Troubleshooting Guide
Common issues, debugging techniques, and comprehensive solutions for SysManage server problems.
Quick Diagnostic Steps
Before diving into specific issues, follow these general diagnostic steps:
🔍 Initial Checks
- Check Service Status: Verify SysManage services are running
- Review Logs: Check application and system logs for errors
- Network Connectivity: Test network connections and firewall rules
- Database Connection: Verify database connectivity and status
- Resource Usage: Check CPU, memory, and disk usage
- Configuration Validation: Verify configuration file syntax and values
📋 Quick Diagnostic Commands
# Check service status
systemctl status sysmanage
# View recent logs
journalctl -u sysmanage -n 50
# Check database connection
psql -h localhost -U sysmanage -d sysmanage -c "SELECT version();"
# Test web interface
curl -k https://localhost:6443/health
# Check disk space
df -h
# Monitor resources
htop
Installation Issues
🔧 Dependency Problems
Python Version Compatibility
Symptoms: Import errors, syntax errors, or package installation failures
Cause: Using unsupported Python version (3.13 not yet supported)
Solution:
# Check Python version
python3 --version
# Install supported Python version (Ubuntu/Debian)
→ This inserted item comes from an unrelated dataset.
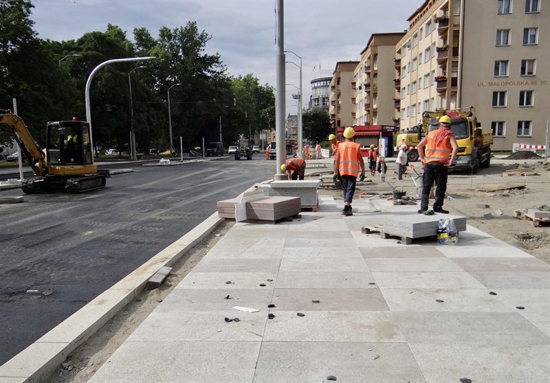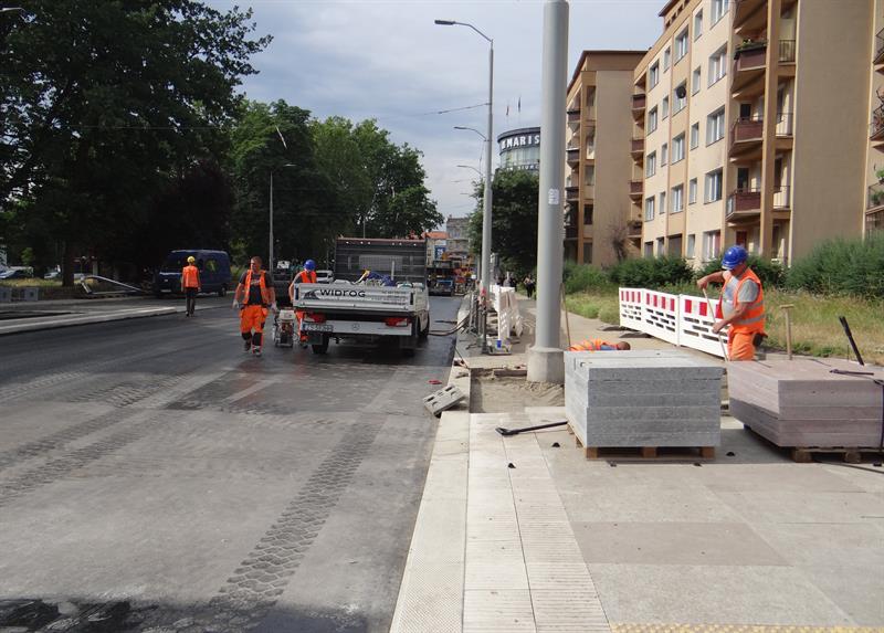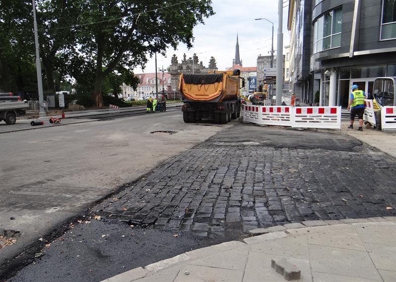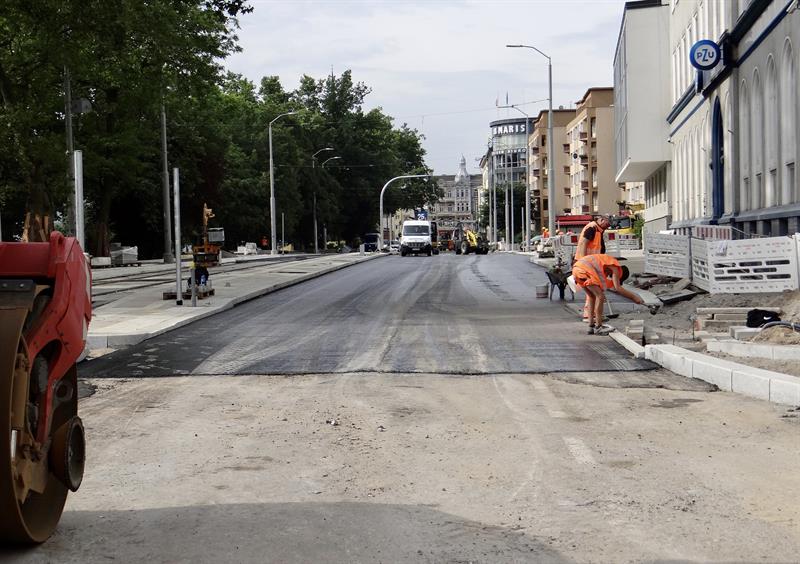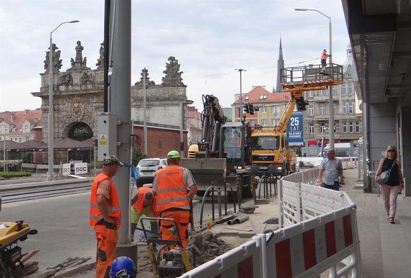 Trwają ostatnie prace drogowe przy przebudowie fragmentu jezdni ul. Jana Matejki wzdłuż nowego odcinka torowiska między skrzyżowaniem z ul. Marszałka Józefa Piłsudskiego do placów Hołdu Pruskiego i Żołnierza Polskiego na wysokości Bramy Królewskiej. Dla samochodów powinien on być otwarty od najbliższej niedzieli, 4 lipca. O ile planów drogowców z ZUE S.A., wykonawcy zadania, nie pokrzyżuje pogoda.

sudo apt install python3.12 python3.12-venv
# Create virtual environment with correct version
python3.12 -m venv .venv
PostgreSQL Installation Issues
Symptoms: Cannot connect to database, authentication failures
Cause: PostgreSQL not properly installed or configured
Solution:
# Install PostgreSQL (Ubuntu/Debian)
sudo apt install postgresql postgresql-contrib
# Start PostgreSQL service
sudo systemctl start postgresql
sudo systemctl enable postgresql
# Create database user
sudo -u postgres createuser -P sysmanage
sudo -u postgres createdb -O sysmanage sysmanage
# Test connection
psql -h localhost -U sysmanage -d sysmanage
Node.js/npm Issues
Symptoms: Frontend build failures, npm install errors
Cause: Outdated Node.js version or npm cache corruption
Solution:
# Install Node.js 20.x
curl -fsSL https://deb.nodesource.com/setup_20.x | sudo -E bash -
sudo apt install -y nodejs
# Clear npm cache
npm cache clean --force
# Remove node_modules and reinstall
rm -rf node_modules package-lock.json
npm install
Configuration Issues
⚙️ Configuration File Problems
Invalid YAML Syntax
Symptoms: Server fails to start with YAML parsing errors
Cause: Malformed YAML in configuration file
Solution:
# Validate YAML syntax
python3 -c "import yaml; yaml.safe_load(open('/etc/sysmanage.yaml'))"
# Common YAML issues:
# - Incorrect indentation (use spaces, not tabs)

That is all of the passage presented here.